In order to keep 82 million plastic straws out of landfills every year, customers will be given the option of paper straws, which are 100% biodegradable and will last 2-3 hours in a drink, the company said in a release.
Tyler Pronyk, A&W Canada's director of packaging, said "packaging innovations that reduce waste" is key to the company's environmental strategy.
"By using compostable packaging, real mugs, plates and cutlery, we are diverting millions of single-use packaging from landfills every year," Pronyk said in a release.
Swedish home furniture giant Ikea has promised to phase out all single-use plastics by 2020.
It will stop using products such as plastic straws, plates, cups, freezer and garbage bags, and will phase out disposable plastic from its restaurants.
The changes are expected to take effect in 2019 in 29 countries, including Canada. But Ikea Canada sustainability head Brendan Seale told CTV News the company is going to make them happen "as soon as possible."
Environment minister Catherine McKenna tweeted her support for the move.
This is what leadership looks like. Bravo, Ikea! https://t.co/aALKnZLFLv— Catherine McKenna 🇨🇦 (@cathmckenna) June 8, 2018
A bill to prohibit retailers from giving out single-use plastic bags passed its third reading in P.E.I.'s provincial government on Friday, and could make the island province the first one to ban them.

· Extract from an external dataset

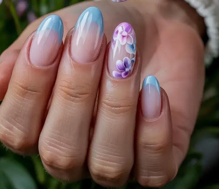Soft blue fades into a sheer pink base, creating a dreamy ombré French tip effect. A bold-style floral accent nail enhances the delicate and airy feel. The overall look is sweet, fresh, and effortlessly pretty for a warm summer.

Starting July 1, retailers will have to charge customers 15 cents for a plastic bag. That fee would go up to 25 cents in July 2019. In January 2020, businesses will face fines for giving away single-use sacks.
The Plastic Bag Reduction Act is meant to encourage retailers to sell paper or cloth reusable bags, which would cost no less than 15 cents or a dollar each, respectively.
Montreal's ban on giving away plastic bags took effect this year, and penalties for businesses that violate it began earlier this month.
The ban includes oxo-degradable, oxo-fragmentable, oxo-biodegradable and biodegradable bags. The only exception is small bags used for hygienic reasons, like produce bags in grocery stores.
Regional Municipality Of Wood Buffalo
In Alberta, the regional municipality of Wood Buffalo adopted a bylaw in 2010 that prohibited most retailers from using single-use plastic shopping bags. Thin plastic bags used for dry cleaning, produce, or otherwise hygienic purposes are allowed, and restaurant businesses are allowed to use single-use bags.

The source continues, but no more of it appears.